Data block START

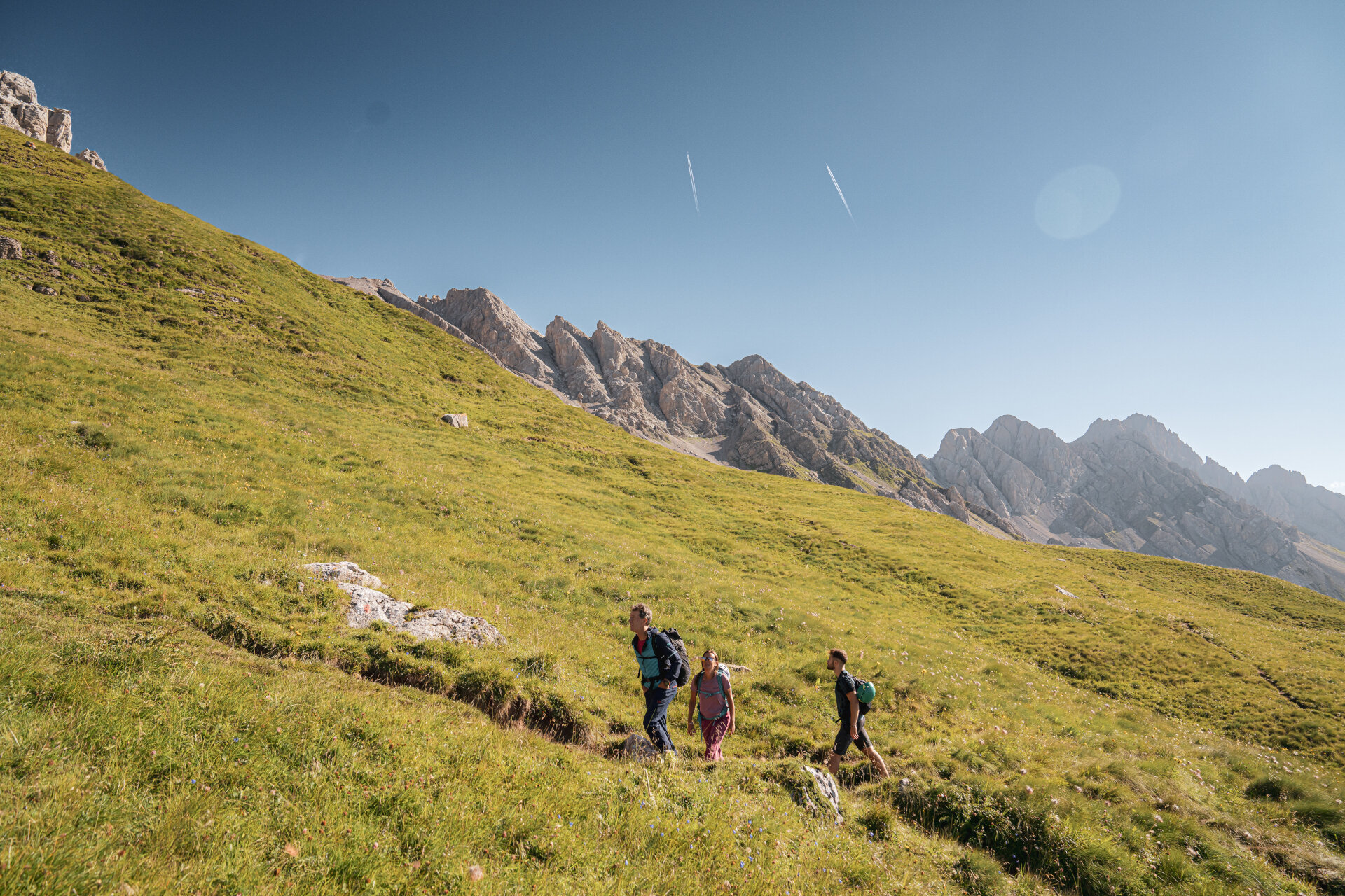 Latemar, Rosengarten, Langkofel, Sella, Monzoni und Marmolada. Im Sommer enden die Wanderungen in den Dolomiten nie.
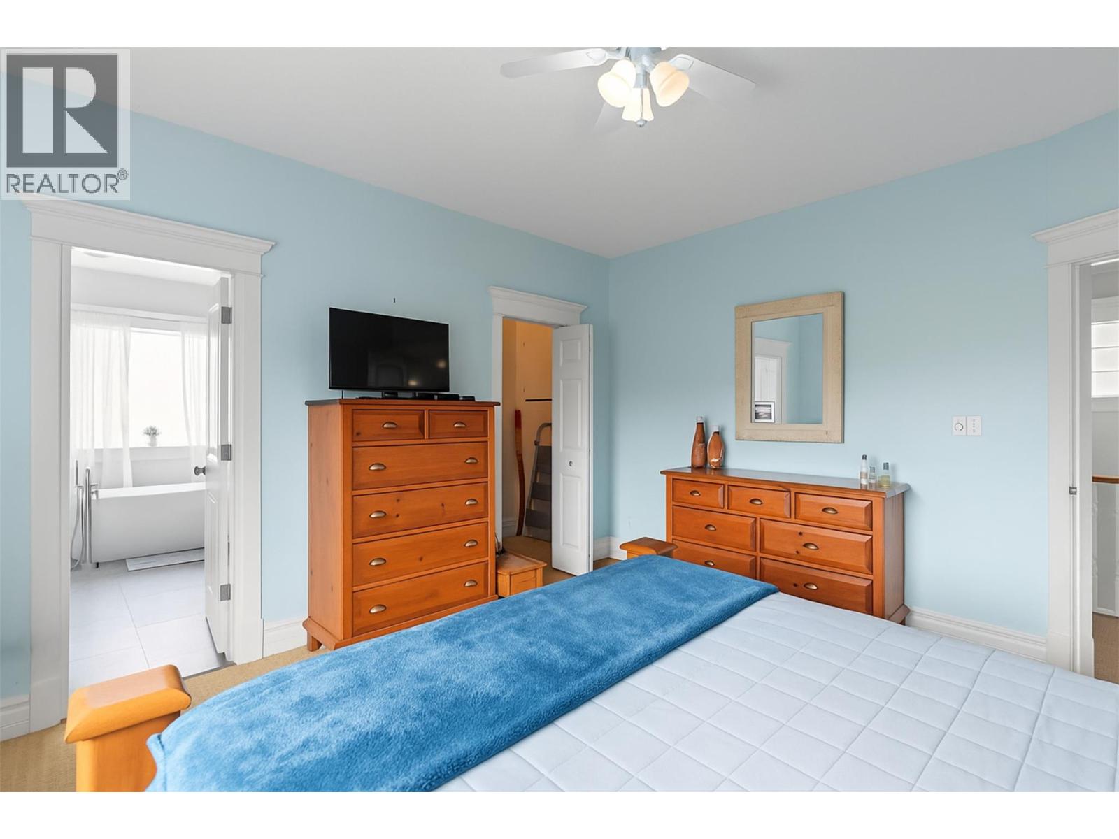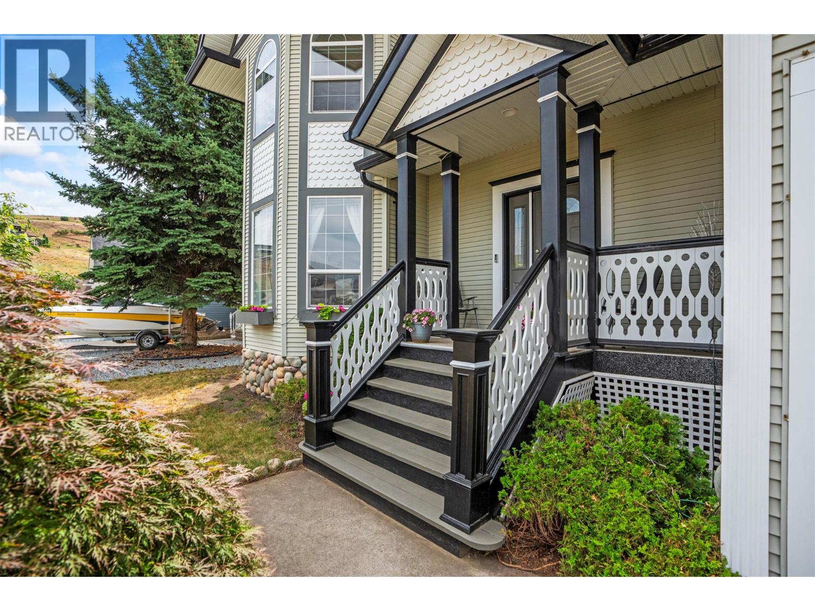 Step into bright, airy elegance at 859 Mt Bulman Place, nestled in Vernon’s coveted Middleton Mountain. This beautifully updated 5-bedroom, 4-bathroom home welcomes you with a soaring two-storey entryway that immediately sets the tone for its open and inviting layout. Perfectly situated with no rear neighbours, the serene property backs directly onto a peaceful conservation area, offering uninterrupted mountain views and lasting privacy. Inside, enjoy copious recent upgrades; from refinished flooring and replaced carpeting, to the recently replaced furnace and hot water tank, this property comes stress free. The main level boasts fresh paint, a cozy natural gas fireplace, and a spacious bonus room, ideal for a multitude of uses. The kitchen is a chef’s delight with a newer 36-inch professional gas range, and flows into a four-season room with skylight, the perfect sunny retreat. Upstairs, the primary suite features serene views of the conservation area and a fully renovated ensuite bathroom with a freestanding tub and glass-walled shower. Two more bedrooms and a full bath complete the upper level. Downstairs, the finished basement offers two additional bedrooms and two bathrooms, ideal for guests or extended family. With central air, a double attached garage, irrigation, and municipal water, this home offers comfort (id:26472)
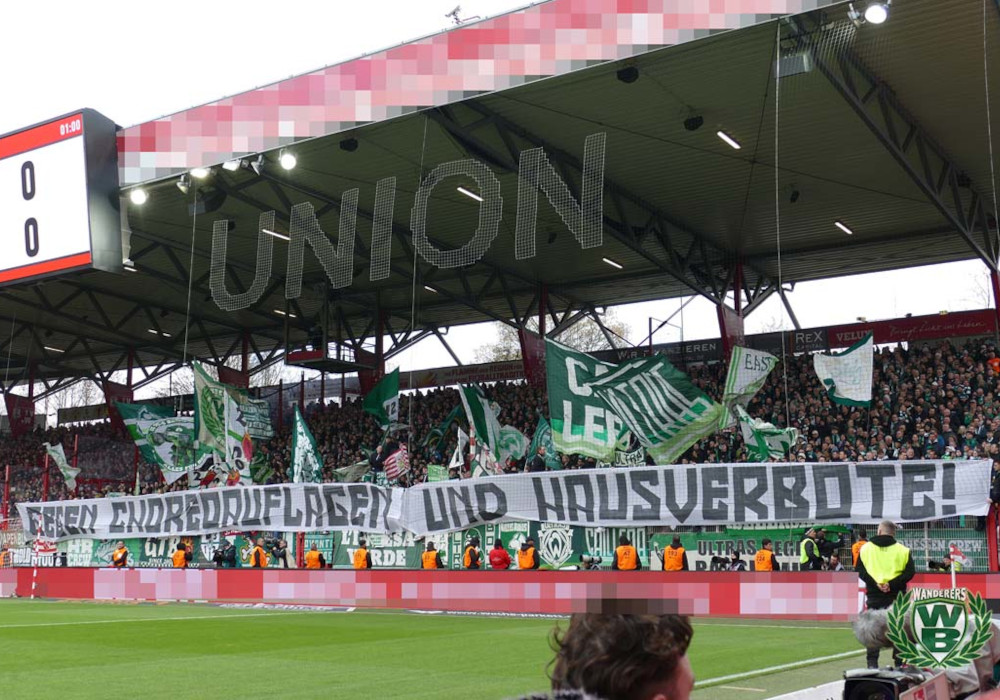 Auch die Stimmung rund um Fußballspiele wird aktuell immer angespannter. Sicherlich habt auch ihr schon mal die behelmten und bewaffneten Hundertschaften rund um das Weserstadion gesehen, die unzähligen eingesetzten Pferde, Hunde, Gitter und Wasserwerfer der Polizeibehörden. Gar das Tragen von Maschinenpistolen wurde bereits dokumentiert, als ginge es hier um Terrorabwehr. Was für ein Bild von Fußballfans vermittelt die Polizei hiermit? Soll das unser Fußball sein?
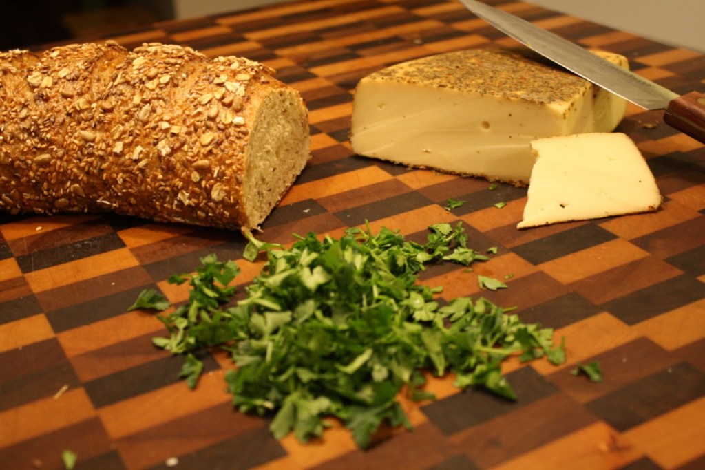 Remove the casings from the sausage. Drain and rinse the beans. Chop the parsley. Slice the bread and cheese.

Data block END

Exercise brief -> Dropping every picture, restate the material word for word.

Solution for this task ->
 Latemar, Rosengarten, Langkofel, Sella, Monzoni und Marmolada. Im Sommer enden die Wanderungen in den Dolomiten nie.
 Step into bright, airy elegance at 859 Mt Bulman Place, nestled in Vernon’s coveted Middleton Mountain. This beautifully updated 5-bedroom, 4-bathroom home welcomes you with a soaring two-storey entryway that immediately sets the tone for its open and inviting layout. Perfectly situated with no rear neighbours, the serene property backs directly onto a peaceful conservation area, offering uninterrupted mountain views and lasting privacy. Inside, enjoy copious recent upgrades; from refinished flooring and replaced carpeting, to the recently replaced furnace and hot water tank, this property comes stress free. The main level boasts fresh paint, a cozy natural gas fireplace, and a spacious bonus room, ideal for a multitude of uses. The kitchen is a chef’s delight with a newer 36-inch professional gas range, and flows into a four-season room with skylight, the perfect sunny retreat. Upstairs, the primary suite features serene views of the conservation area and a fully renovated ensuite bathroom with a freestanding tub and glass-walled shower. Two more bedrooms and a full bath complete the upper level. Downstairs, the finished basement offers two additional bedrooms and two bathrooms, ideal for guests or extended family. With central air, a double attached garage, irrigation, and municipal water, this home offers comfort (id:26472)
 Auch die Stimmung rund um Fußballspiele wird aktuell immer angespannter. Sicherlich habt auch ihr schon mal die behelmten und bewaffneten Hundertschaften rund um das Weserstadion gesehen, die unzähligen eingesetzten Pferde, Hunde, Gitter und Wasserwerfer der Polizeibehörden. Gar das Tragen von Maschinenpistolen wurde bereits dokumentiert, als ginge es hier um Terrorabwehr. Was für ein Bild von Fußballfans vermittelt die Polizei hiermit? Soll das unser Fußball sein?
 Remove the casings from the sausage. Drain and rinse the beans. Chop the parsley. Slice the bread and cheese.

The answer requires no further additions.